Magdeburg. Zwei Polizeibeamte, die sich um die Auswertung der Telefondaten des angeklagten Lokführers kümmerten, sagten, der 41-Jährige habe zum Unglückszeitpunkt nicht telefoniert. Davor und kurz danach seien allerdings Telefonate geführt worden.

Ein Nebenkläger beantragte ein Gutachten, das den genauen Zeitpunkt des Zusammenstoßes der Züge feststellen soll. Die Vorsitzende Richterin Claudia Methling sagte, das sei für das Gericht natürlich wichtig. Es werde nun darüber nachgedacht, wie ein Auftrag für einen Gutachter genau aussehen könne.

Bei der Kollision starben am 29. Januar 2011 zehn Menschen, 23 wurden verletzt. Der Güterzug-Lokführer soll zwei Haltesignale übersehen haben. Das hat er zum Prozessbeginn auch zugegeben, allerdings keine Gründe genannt. Er ist unter anderem wegen fahrlässiger Tötung angeklagt und schweigt.
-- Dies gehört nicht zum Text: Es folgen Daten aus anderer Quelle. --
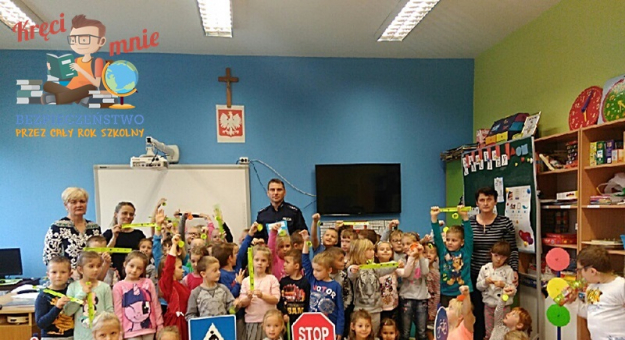 Podczas wizyty dzielnicowy szczególnie dużo miejsca poświęcił zasadom poruszania się po drodze jako pieszy oraz bezpiecznego podróżowania samochodem. Policjant przypomniał o obowiązku przewożenia dzieci w fotelikach lub innych urządzeniach, a także zapinania pasów bezpieczeństwa. - Zwrócił uwagę dzieciom na to, jak ważne są elementy odblaskowe, szczególnie teraz w okresie jesienno-zimowym, kiedy widoczność na drodze jest gorsza. Aby maluchy lepiej zapamiętały wizytę dzielnicowego, a także jego wskazówki dotyczące bezpieczeństwa na drodze, wszystkie otrzymały elementy odblaskowe - opowiada oficer prasowy Komendy Powiatowej Policji w Środzie Śląskiej Marta Stefanowska.

Der erste Notruf ging bei der Polizei um 22.28 Uhr ein, wie ein Zeuge berichtete. Die Feuerwehr wurde eine Minute später alarmiert. Allerdings ist nicht klar, wie viel Zeit zwischen dem Unglück und den Anrufen verstrich.

Es steht auch die Frage im Raum, ob der Lokführer sich während der Fahrt eine DVD ansah. Ein Polizist, der in der Unglücksnacht in Hordorf war, fand in der Lok die Hülle eines DVD-Players, später bekam er von dem Lokführer das dazugehörige Gerät. Daran seien Glassplitter gewesen, die von der zersplitterten Frontscheibe der Lok stammen könnten. Der Angeklagte habe ihm damals gesagt, er habe das Gerät für Pausen dabei.
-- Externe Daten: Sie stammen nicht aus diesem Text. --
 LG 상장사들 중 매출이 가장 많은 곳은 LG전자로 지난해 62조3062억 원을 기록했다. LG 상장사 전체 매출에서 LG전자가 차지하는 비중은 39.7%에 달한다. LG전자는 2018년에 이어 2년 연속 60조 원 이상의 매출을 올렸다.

Im Prozess spielt weiter der Verdacht eine Rolle, der Lokführer könnte sich statt in der ersten in der zweiten Lok befunden haben, die den Güterzug zog. Ein Nebenkläger stellte am Donnerstag den Antrag auf ein unfallanalytisches Gutachten, das unter anderem klären soll, ob der 41-Jährige so geringe Verletzungen davontragen konnte, obwohl er ganz vorn saß. Der Verteidiger des Angeklagten bezeichnete solch ein Gutachten als überflüssig, diverse Zeugen hätten ausgesagt, der Lokführer könne nur in der ersten Lok gewesen sein. Nur ein Zeuge hat bislang gesagt, er habe den Lokführer in der Nacht in der zweiten Lok gesehen.

Der Prozess wird am 8. November fortgesetzt.